### PROBLEM DESCRIPTION
Repeat the data that follows, keeping every character intact.

* * *

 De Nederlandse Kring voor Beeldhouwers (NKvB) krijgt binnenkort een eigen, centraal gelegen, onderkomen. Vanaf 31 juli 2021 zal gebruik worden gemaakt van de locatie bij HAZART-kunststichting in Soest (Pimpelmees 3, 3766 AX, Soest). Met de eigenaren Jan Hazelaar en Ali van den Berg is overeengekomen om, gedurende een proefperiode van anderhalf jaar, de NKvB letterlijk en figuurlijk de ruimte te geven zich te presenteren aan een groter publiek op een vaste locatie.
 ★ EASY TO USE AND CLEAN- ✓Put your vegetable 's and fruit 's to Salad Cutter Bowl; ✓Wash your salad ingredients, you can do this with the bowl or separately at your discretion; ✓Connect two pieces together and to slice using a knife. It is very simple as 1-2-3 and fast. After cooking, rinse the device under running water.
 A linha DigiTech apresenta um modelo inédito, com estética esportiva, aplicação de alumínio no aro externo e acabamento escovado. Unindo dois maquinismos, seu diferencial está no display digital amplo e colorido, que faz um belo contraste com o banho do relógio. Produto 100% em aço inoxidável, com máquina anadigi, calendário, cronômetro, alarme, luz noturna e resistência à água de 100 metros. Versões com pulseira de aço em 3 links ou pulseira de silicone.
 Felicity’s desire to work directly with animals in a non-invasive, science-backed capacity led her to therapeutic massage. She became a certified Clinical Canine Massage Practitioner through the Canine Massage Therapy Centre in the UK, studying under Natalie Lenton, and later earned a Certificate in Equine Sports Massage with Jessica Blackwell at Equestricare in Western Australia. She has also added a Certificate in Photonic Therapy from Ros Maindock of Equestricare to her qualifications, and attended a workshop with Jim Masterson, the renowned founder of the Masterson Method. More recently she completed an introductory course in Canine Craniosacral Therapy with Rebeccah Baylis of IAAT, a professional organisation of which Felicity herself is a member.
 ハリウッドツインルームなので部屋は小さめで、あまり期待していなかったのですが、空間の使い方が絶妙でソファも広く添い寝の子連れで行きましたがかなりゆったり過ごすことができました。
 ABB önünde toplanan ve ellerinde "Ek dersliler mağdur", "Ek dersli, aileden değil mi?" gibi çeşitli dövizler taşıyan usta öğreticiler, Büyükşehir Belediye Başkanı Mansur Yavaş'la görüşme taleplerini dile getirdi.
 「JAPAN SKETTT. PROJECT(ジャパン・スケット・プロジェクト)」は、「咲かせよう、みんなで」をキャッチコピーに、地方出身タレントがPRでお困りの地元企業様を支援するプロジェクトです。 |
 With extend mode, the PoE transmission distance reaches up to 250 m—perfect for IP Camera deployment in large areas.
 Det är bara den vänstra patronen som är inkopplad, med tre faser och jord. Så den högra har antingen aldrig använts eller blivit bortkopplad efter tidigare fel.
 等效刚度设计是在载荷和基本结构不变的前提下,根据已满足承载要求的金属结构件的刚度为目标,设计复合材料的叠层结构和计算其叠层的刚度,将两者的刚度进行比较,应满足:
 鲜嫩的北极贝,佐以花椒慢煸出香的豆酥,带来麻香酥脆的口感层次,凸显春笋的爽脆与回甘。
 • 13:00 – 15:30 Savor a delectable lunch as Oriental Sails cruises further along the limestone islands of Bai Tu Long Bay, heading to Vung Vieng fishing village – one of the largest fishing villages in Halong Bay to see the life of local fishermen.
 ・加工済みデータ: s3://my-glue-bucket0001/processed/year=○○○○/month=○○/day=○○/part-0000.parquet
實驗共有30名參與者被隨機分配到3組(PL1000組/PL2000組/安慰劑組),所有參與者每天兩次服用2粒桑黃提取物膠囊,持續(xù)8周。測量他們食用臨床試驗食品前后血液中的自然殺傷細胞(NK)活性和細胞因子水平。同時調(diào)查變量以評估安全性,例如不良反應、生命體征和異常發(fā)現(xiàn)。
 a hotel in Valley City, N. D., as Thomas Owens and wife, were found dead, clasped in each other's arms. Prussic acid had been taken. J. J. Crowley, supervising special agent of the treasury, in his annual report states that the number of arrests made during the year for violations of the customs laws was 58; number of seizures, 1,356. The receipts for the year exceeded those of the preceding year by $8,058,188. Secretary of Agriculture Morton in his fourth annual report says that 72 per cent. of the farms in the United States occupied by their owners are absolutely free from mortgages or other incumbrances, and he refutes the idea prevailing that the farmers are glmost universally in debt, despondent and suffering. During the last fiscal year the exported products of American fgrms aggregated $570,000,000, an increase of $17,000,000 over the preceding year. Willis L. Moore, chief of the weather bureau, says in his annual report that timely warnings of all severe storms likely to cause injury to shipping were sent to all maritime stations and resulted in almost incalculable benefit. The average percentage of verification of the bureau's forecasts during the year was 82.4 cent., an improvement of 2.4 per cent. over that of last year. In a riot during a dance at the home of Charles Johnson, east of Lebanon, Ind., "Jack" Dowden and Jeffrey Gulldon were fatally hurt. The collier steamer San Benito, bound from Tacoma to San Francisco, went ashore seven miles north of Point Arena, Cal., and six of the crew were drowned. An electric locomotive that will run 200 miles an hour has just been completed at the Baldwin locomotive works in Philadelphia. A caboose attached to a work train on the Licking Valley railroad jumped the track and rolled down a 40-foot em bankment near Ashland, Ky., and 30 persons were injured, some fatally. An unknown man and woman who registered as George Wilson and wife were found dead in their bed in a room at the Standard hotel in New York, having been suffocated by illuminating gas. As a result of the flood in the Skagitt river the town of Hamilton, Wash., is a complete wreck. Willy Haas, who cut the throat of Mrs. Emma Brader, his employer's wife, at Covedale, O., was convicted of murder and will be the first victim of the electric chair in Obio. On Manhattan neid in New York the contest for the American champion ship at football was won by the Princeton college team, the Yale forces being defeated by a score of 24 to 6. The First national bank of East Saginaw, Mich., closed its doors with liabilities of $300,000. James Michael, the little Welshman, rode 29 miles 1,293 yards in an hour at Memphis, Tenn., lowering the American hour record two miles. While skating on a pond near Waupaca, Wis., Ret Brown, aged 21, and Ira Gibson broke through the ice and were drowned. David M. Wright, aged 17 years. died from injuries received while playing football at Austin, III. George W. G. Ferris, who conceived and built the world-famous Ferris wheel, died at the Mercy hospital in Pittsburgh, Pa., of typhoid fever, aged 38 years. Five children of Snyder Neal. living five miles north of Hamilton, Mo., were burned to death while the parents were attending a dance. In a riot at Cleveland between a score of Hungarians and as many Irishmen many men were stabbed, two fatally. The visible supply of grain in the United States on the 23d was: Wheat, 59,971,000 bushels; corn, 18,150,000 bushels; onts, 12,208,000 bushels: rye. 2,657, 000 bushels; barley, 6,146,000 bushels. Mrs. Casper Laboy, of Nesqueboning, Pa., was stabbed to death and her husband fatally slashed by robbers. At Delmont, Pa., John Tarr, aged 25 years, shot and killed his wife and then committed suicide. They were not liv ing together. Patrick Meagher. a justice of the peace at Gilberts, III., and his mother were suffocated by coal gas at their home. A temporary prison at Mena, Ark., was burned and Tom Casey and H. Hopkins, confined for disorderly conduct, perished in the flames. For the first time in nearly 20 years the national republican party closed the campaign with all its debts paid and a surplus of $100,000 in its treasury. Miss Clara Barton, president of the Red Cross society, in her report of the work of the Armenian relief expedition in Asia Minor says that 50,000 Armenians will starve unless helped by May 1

* * *

### WRITTEN ANSWER
 De Nederlandse Kring voor Beeldhouwers (NKvB) krijgt binnenkort een eigen, centraal gelegen, onderkomen. Vanaf 31 juli 2021 zal gebruik worden gemaakt van de locatie bij HAZART-kunststichting in Soest (Pimpelmees 3, 3766 AX, Soest). Met de eigenaren Jan Hazelaar en Ali van den Berg is overeengekomen om, gedurende een proefperiode van anderhalf jaar, de NKvB letterlijk en figuurlijk de ruimte te geven zich te presenteren aan een groter publiek op een vaste locatie.
 ★ EASY TO USE AND CLEAN- ✓Put your vegetable 's and fruit 's to Salad Cutter Bowl; ✓Wash your salad ingredients, you can do this with the bowl or separately at your discretion; ✓Connect two pieces together and to slice using a knife. It is very simple as 1-2-3 and fast. After cooking, rinse the device under running water.
 A linha DigiTech apresenta um modelo inédito, com estética esportiva, aplicação de alumínio no aro externo e acabamento escovado. Unindo dois maquinismos, seu diferencial está no display digital amplo e colorido, que faz um belo contraste com o banho do relógio. Produto 100% em aço inoxidável, com máquina anadigi, calendário, cronômetro, alarme, luz noturna e resistência à água de 100 metros. Versões com pulseira de aço em 3 links ou pulseira de silicone.
 Felicity’s desire to work directly with animals in a non-invasive, science-backed capacity led her to therapeutic massage. She became a certified Clinical Canine Massage Practitioner through the Canine Massage Therapy Centre in the UK, studying under Natalie Lenton, and later earned a Certificate in Equine Sports Massage with Jessica Blackwell at Equestricare in Western Australia. She has also added a Certificate in Photonic Therapy from Ros Maindock of Equestricare to her qualifications, and attended a workshop with Jim Masterson, the renowned founder of the Masterson Method. More recently she completed an introductory course in Canine Craniosacral Therapy with Rebeccah Baylis of IAAT, a professional organisation of which Felicity herself is a member.
 ハリウッドツインルームなので部屋は小さめで、あまり期待していなかったのですが、空間の使い方が絶妙でソファも広く添い寝の子連れで行きましたがかなりゆったり過ごすことができました。
 ABB önünde toplanan ve ellerinde "Ek dersliler mağdur", "Ek dersli, aileden değil mi?" gibi çeşitli dövizler taşıyan usta öğreticiler, Büyükşehir Belediye Başkanı Mansur Yavaş'la görüşme taleplerini dile getirdi.
 「JAPAN SKETTT. PROJECT(ジャパン・スケット・プロジェクト)」は、「咲かせよう、みんなで」をキャッチコピーに、地方出身タレントがPRでお困りの地元企業様を支援するプロジェクトです。 |
 With extend mode, the PoE transmission distance reaches up to 250 m—perfect for IP Camera deployment in large areas.
 Det är bara den vänstra patronen som är inkopplad, med tre faser och jord. Så den högra har antingen aldrig använts eller blivit bortkopplad efter tidigare fel.
 等效刚度设计是在载荷和基本结构不变的前提下,根据已满足承载要求的金属结构件的刚度为目标,设计复合材料的叠层结构和计算其叠层的刚度,将两者的刚度进行比较,应满足:
 鲜嫩的北极贝,佐以花椒慢煸出香的豆酥,带来麻香酥脆的口感层次,凸显春笋的爽脆与回甘。
 • 13:00 – 15:30 Savor a delectable lunch as Oriental Sails cruises further along the limestone islands of Bai Tu Long Bay, heading to Vung Vieng fishing village – one of the largest fishing villages in Halong Bay to see the life of local fishermen.
 ・加工済みデータ: s3://my-glue-bucket0001/processed/year=○○○○/month=○○/day=○○/part-0000.parquet
實驗共有30名參與者被隨機分配到3組(PL1000組/PL2000組/安慰劑組),所有參與者每天兩次服用2粒桑黃提取物膠囊,持續(xù)8周。測量他們食用臨床試驗食品前后血液中的自然殺傷細胞(NK)活性和細胞因子水平。同時調(diào)查變量以評估安全性,例如不良反應、生命體征和異常發(fā)現(xiàn)。
 a hotel in Valley City, N. D., as Thomas Owens and wife, were found dead, clasped in each other's arms. Prussic acid had been taken. J. J. Crowley, supervising special agent of the treasury, in his annual report states that the number of arrests made during the year for violations of the customs laws was 58; number of seizures, 1,356. The receipts for the year exceeded those of the preceding year by $8,058,188. Secretary of Agriculture Morton in his fourth annual report says that 72 per cent. of the farms in the United States occupied by their owners are absolutely free from mortgages or other incumbrances, and he refutes the idea prevailing that the farmers are glmost universally in debt, despondent and suffering. During the last fiscal year the exported products of American fgrms aggregated $570,000,000, an increase of $17,000,000 over the preceding year. Willis L. Moore, chief of the weather bureau, says in his annual report that timely warnings of all severe storms likely to cause injury to shipping were sent to all maritime stations and resulted in almost incalculable benefit. The average percentage of verification of the bureau's forecasts during the year was 82.4 cent., an improvement of 2.4 per cent. over that of last year. In a riot during a dance at the home of Charles Johnson, east of Lebanon, Ind., "Jack" Dowden and Jeffrey Gulldon were fatally hurt. The collier steamer San Benito, bound from Tacoma to San Francisco, went ashore seven miles north of Point Arena, Cal., and six of the crew were drowned. An electric locomotive that will run 200 miles an hour has just been completed at the Baldwin locomotive works in Philadelphia. A caboose attached to a work train on the Licking Valley railroad jumped the track and rolled down a 40-foot em bankment near Ashland, Ky., and 30 persons were injured, some fatally. An unknown man and woman who registered as George Wilson and wife were found dead in their bed in a room at the Standard hotel in New York, having been suffocated by illuminating gas. As a result of the flood in the Skagitt river the town of Hamilton, Wash., is a complete wreck. Willy Haas, who cut the throat of Mrs. Emma Brader, his employer's wife, at Covedale, O., was convicted of murder and will be the first victim of the electric chair in Obio. On Manhattan neid in New York the contest for the American champion ship at football was won by the Princeton college team, the Yale forces being defeated by a score of 24 to 6. The First national bank of East Saginaw, Mich., closed its doors with liabilities of $300,000. James Michael, the little Welshman, rode 29 miles 1,293 yards in an hour at Memphis, Tenn., lowering the American hour record two miles. While skating on a pond near Waupaca, Wis., Ret Brown, aged 21, and Ira Gibson broke through the ice and were drowned. David M. Wright, aged 17 years. died from injuries received while playing football at Austin, III. George W. G. Ferris, who conceived and built the world-famous Ferris wheel, died at the Mercy hospital in Pittsburgh, Pa., of typhoid fever, aged 38 years. Five children of Snyder Neal. living five miles north of Hamilton, Mo., were burned to death while the parents were attending a dance. In a riot at Cleveland between a score of Hungarians and as many Irishmen many men were stabbed, two fatally. The visible supply of grain in the United States on the 23d was: Wheat, 59,971,000 bushels; corn, 18,150,000 bushels; onts, 12,208,000 bushels: rye. 2,657, 000 bushels; barley, 6,146,000 bushels. Mrs. Casper Laboy, of Nesqueboning, Pa., was stabbed to death and her husband fatally slashed by robbers. At Delmont, Pa., John Tarr, aged 25 years, shot and killed his wife and then committed suicide. They were not liv ing together. Patrick Meagher. a justice of the peace at Gilberts, III., and his mother were suffocated by coal gas at their home. A temporary prison at Mena, Ark., was burned and Tom Casey and H. Hopkins, confined for disorderly conduct, perished in the flames. For the first time in nearly 20 years the national republican party closed the campaign with all its debts paid and a surplus of $100,000 in its treasury. Miss Clara Barton, president of the Red Cross society, in her report of the work of the Armenian relief expedition in Asia Minor says that 50,000 Armenians will starve unless helped by May 1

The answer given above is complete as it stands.